One of the most effective methods for increasing the productivity of oil and gas resources is multi-stage hydraulic fracturing. However, casing deformation challenges associated with multi-stage hydraulic fracturing notably compromise the integrity of the wellbore. Many field data analysis shows that more than half of casing deformation is strong related to the faults. According to the classical fault reactivation theory, the increase of pore pressure will lead to fault slip. However, some studies shows pore pressure rising time by diffusion or formation rock volume changes do not match the seismic data; other studies suggest natural fractures between faults and the last fracturing stage can be the communication channels. And fracturing fluid distribution from Guandong block show the fluid cannot reach the fault hundreds of meters away.
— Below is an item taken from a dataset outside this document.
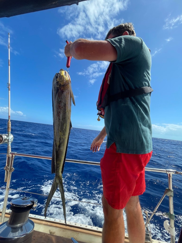 This mahi is 8-9lbs!!The fisherman is enjoying his catch with some nice white wine (in a weird glass – we had bubbly after to celebrate the catch)!
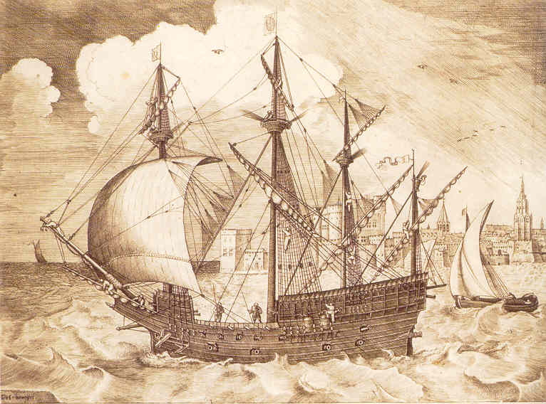 Navio zarpando. Grabado de Franz Huys basado en dibujo de Bruegel. Biblioteca Real de Bruselas

For these cases, local geostress change caused by fracture operations seems to be a more reasonable mechanism leading to fault movement hundreds of meters away.

In this paper a finite element model was established to simulate the multi-stage fracturing process in a fault-bearing formation and a parametric study to investigate the influence of rock friction, fault length, and multistage fracturing on the fault slip.The results shows that local geostress change caused by fracture operations is the main mechanism leading to formation deformation or fault movement. Without the fault, the fracturing operation will cause the casing deviation; if with a fault, the displacement of the formation is discontinuous, which leads to sheering deformation of the casing. The fault relative slip is affected by the formation friction coefficient and fault length. Moreover, multistage fracturing operation has a superimposed effect on faults, increasing the time interval between fracturing operations is an effective method.


Casing deformation is a common problem during large-scale volume fracturing operations [1-2]. Severe casing deformation can prevent proper positioning of tools such as plugs or perforating guns at the design position during subsequent fracturing operations. It will decrease the effectiveness of the large-scale volume fracturing of the reservoir, and thus reduce the economic benefit of the oil-field. At present, studies show that the main causes of casing deformation during large-scale volume fracturing are (1) geological [3-6] and engineering [7-8] factors which cause the local stress on the casing large enough to exceed its yield strength, eventually causing the casing deformation. (2) Reactivation of the natural fractures and faults in these formations due to large-scale volume fracturing fluid injection, which causes the fault slip and leads to the casing deformation [9-11]. Under the initial far-field geostress condition the fault in the formation is in equilibrium.

The fracturing operation increases the pore pressure subsequently decreasing the effective stress on the fault plane, and when the frictional force is less than the shear stress on the fault plane, the fault is reactivated and slip. The reactivation criterion of the fault plane is usually the classical Mohr-Coulomb criterion [12].